To: Jeff Liu <jeff.liu@xxxxxxxxxx>
Subject: Re: [PATCH v2 2/2] xfstests: introduce 280 for SEEK_DATA/SEEK_HOLE copy check
From: Dave Chinner <david@xxxxxxxxxxxxx>
Date: Wed, 8 Feb 2012 19:55:57 +1100
Cc: xfs@xxxxxxxxxxx, Christoph Hellwig <hch@xxxxxxxxxxxxx>, Mark Tinguely <tinguely@xxxxxxx>
In-reply-to: <4F2FE410.2040508@xxxxxxxxxx>
References: <4F2FE410.2040508@xxxxxxxxxx>
User-agent: Mutt/1.5.21 (2010-09-15)
On Mon, Feb 06, 2012 at 10:30:40PM +0800, Jeff Liu wrote:
> Introduce 280 for SEEK_DATA/SEEK_HOLE copy check.
> 
> Signed-off-by: Jie Liu <jeff.liu@xxxxxxxxxx>

This has the same problems with $seq.out as 279, so I won't repeat
them here.

.....
> +_cleanup()
> +{
> +     rm -f $src $dest
> +}
> +
> +# seek_copy_test_01()
> +# create a 100Mytes file in preallocation mode.
> +# fallocate offset start from 0.
> +# the first data extent offset start from 80991, write 4Kbytes,
> +# and then skip 195001 bytes for next write.

Oh, man, you didn't write a program to do this, do you? This is what
xfs_io is for - to create arbitary file configurations as quickly as
you can type them.  Then all you need is a simple program that
copies the extents, and the test can check everything else.

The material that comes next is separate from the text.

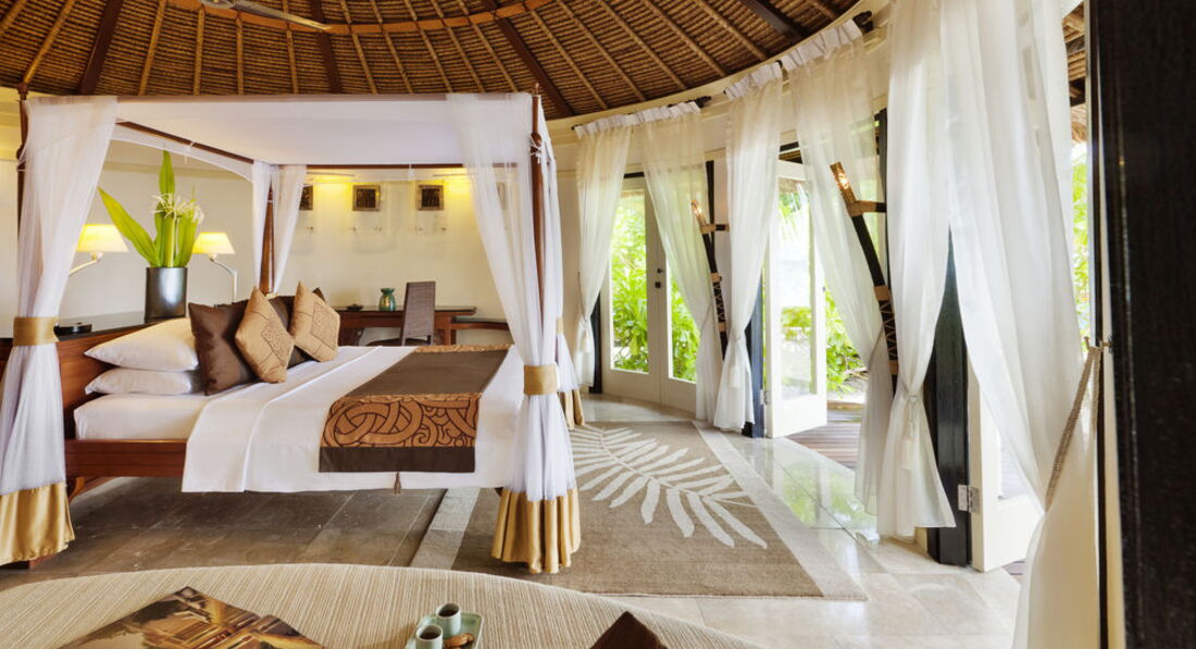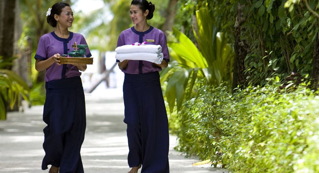 Добрый день период отдыха 4мая по 12 мая 2013. Буду кратка и по сути. Летели Аэрофлотом- супер самолет 2-4-2 месте очень удобно если летите вдвоем .Полет 8-25. По прилету встретили забрали чемоданы и проводили на катер. До острова (если ветер и большие волны плыть 45 мин - обратно плыли 30) Погода просто отличная никаких муссонов и круглосуточных дождей( был два раза дождь ночью). На острове встретил сам менеджер, с барабаном и напитками (пишут что заселение с 14-00 нас заселили сразу в12-00). Виллу брали в саду номер 38 САМАЯ СУПЕРСКАЯ - бассейн+ ждакузи. Бунгало в глубине сада и мимо проходящие не глазеют в номер и после 12-ти можно спрятаться на лежанка в саду в прохладе сада. Номер отличный -все исправно работает. есть чайник , телевизор,dvd музыкальный центр в котором прокручивается диск с релаксирующей музыкой- аромолампа. Питание брали завтрак(все вкусно свежие соки кофе вода входят) обед и ужин(только по меню на выбор ) В отеле много японцев(если они без детей то тихие- если с детьми БЕРЕГИТЕСЬ - эти тамагочи орут 24 часа в сутки-а родителя по барабану). Спиртное свое не провезет-отниму в аэропорте.На острове вино 175$ бокал 10-13$ шампанское бутылка 200$ вода 1,5л 3,5$ кола 5,5$ соки свежевыжатые 8$ питание пицца 18$ стейк 30$Сувениры в отеле дорогие - все можно купить при вылете в аэропорту . Массажи только комплексами с пилингом и обертыванием минимальная цена 165$. Отношение просто царское , персонал вежливый,улыбчивый. Чаевые включены везде в цены-но мы оставляли нашему консьержу по 5$ и в ресторане тоже нашему официанту.Кроме нас кажется никто не давал - это дело каждого. Море супер теплое, прозрачное риф поодаль ,так что можно было поплавать . Акул и всякую не честь рядом с берегом не наблюдали - только по вечерам на пристани . Остров только для пар и романтики- полный релакс и спокойствие. Фотосессия 30фото на диске+ 3 распечатанной 180$(с налогами) мы с мужем просто без ума от этого отеля- всем рекомендуем .

> +# this is intended to test data buffer lookup for DIRTY pages.
> +# verify results:
> +# 1. file size is identical.
> +# 2. perform cmp(1) to compare SRC and DEST file byte by byte.
> +test01()
> +{
> +     rm -f $src $dest
> +
> +     $here/src/seek_copy_tester -P -O 0 -L 100m -s 80991 -k 195001 -l 4k 
> $src $dest
> +
> +     test $(stat --printf "%s" $src) = $(stat --printf "%s" $dest) ||
> +             echo "TEST01: file size check failed" >> $seq.out
> +
> +     cmp $src $dest                                                ||
> +             echo "TEST01: file bytes check failed" >> $seq.out

A quick hack (untested) to replace this file creation with xfs_io
would be:

test01()
{
        write_cmd="-c \"truncate 0\" -c \"falloc 0 100m\""
        for i in `seq 0 1 100`; do
                offset=$((80991 + $i * 195001))
                write_cmd="$write_cmd -c \"pwrite $offset 4k\""
        done
        xfs_io -F -f $write_cmd $src

        $here/scr/sparse_cp $src $dst
        stat --printf "%s\n" $src $dst
        cmp $src $dst >> $seq.out || _fail "file bytes check failed"
}


> +}
> +
> +# seek_copy_test_02()
> +# create a 100Mytes file in preallocation mode.
> +# fallocate offset start from 0.
> +# the first data extent offset start from 0, write 16Kbytes,
> +# and then skip 8Mbytes for next write.
> +# Try flushing DIRTY pages to WRITEBACK mode, this is intended to
> +# test data buffer lookup in WRITEBACK pages.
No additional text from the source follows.